WORK INSTRUCTION: Here is a listing, set out below; repeat its lines from the one with "The Inventory window shows" to the last, both included, and leave out the pictures.

PROVIDED MATERIAL:
* * *

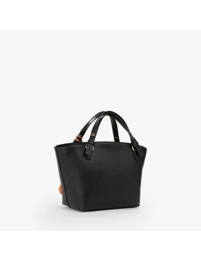 Dimensions : 38 x 22 x 14 cm. Matière extérieure en polyuréthane avec pompons colorés amovibles. Doublure intérieure en polyester. Une bandoulière réglable et amovible. Fermeture zippée. Un compartiment intérieur spacieux. Détails de clous sur les anses.
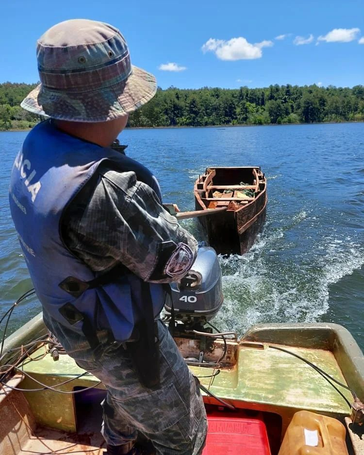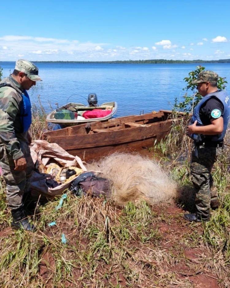 Así también, los agentes realizaban recorridas en la costa del lago Urugua-í, donde avistaron cuatro boyas caseras, las mismas tenían seis redes de pesca recientemente colocadas. Seguidamente, continuaron con las recorridas para dar con los pescadores, hallando cinco botes y allí, descubrieron un campamento con elementos de caza, los cuales fueron desmantelados.
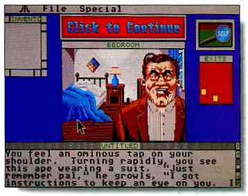 The Inventory window shows what you are carrying. Items can be picked up from the main window and dragged to the Inventory window. Items in inventory can be rearranged, a great time-saver. For example, there are some newspaper clippings in your wallet, which is in your pants. To get at them you must OPEN your pants, which shows a picture of the wallet (Whew!), then open the wallet. By dragging the clippings from the open Wallet window to the main inventory window, you save a lot of "point and click."
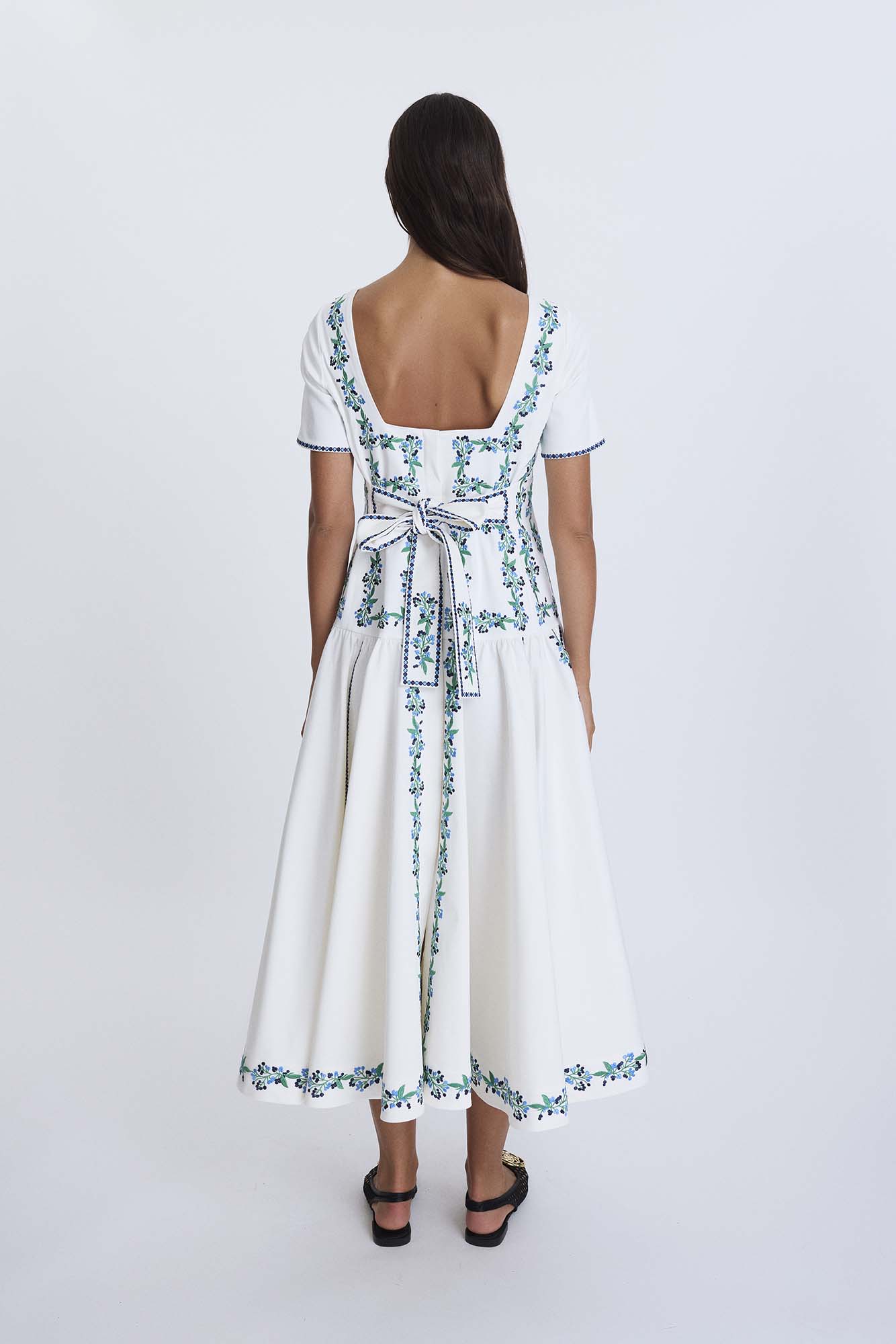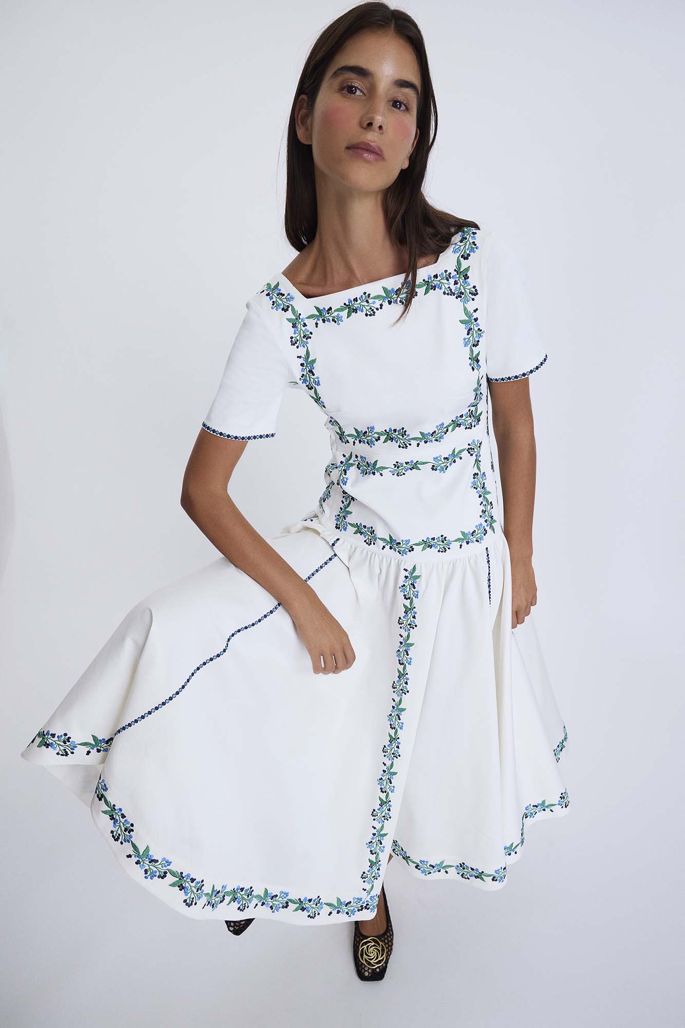 KALP İŞLEMELİ KARE YAKA ELBİSE

* * *

EXERCISE RESULT:
 The Inventory window shows what you are carrying. Items can be picked up from the main window and dragged to the Inventory window. Items in inventory can be rearranged, a great time-saver. For example, there are some newspaper clippings in your wallet, which is in your pants. To get at them you must OPEN your pants, which shows a picture of the wallet (Whew!), then open the wallet. By dragging the clippings from the open Wallet window to the main inventory window, you save a lot of "point and click."
 KALP İŞLEMELİ KARE YAKA ELBİSE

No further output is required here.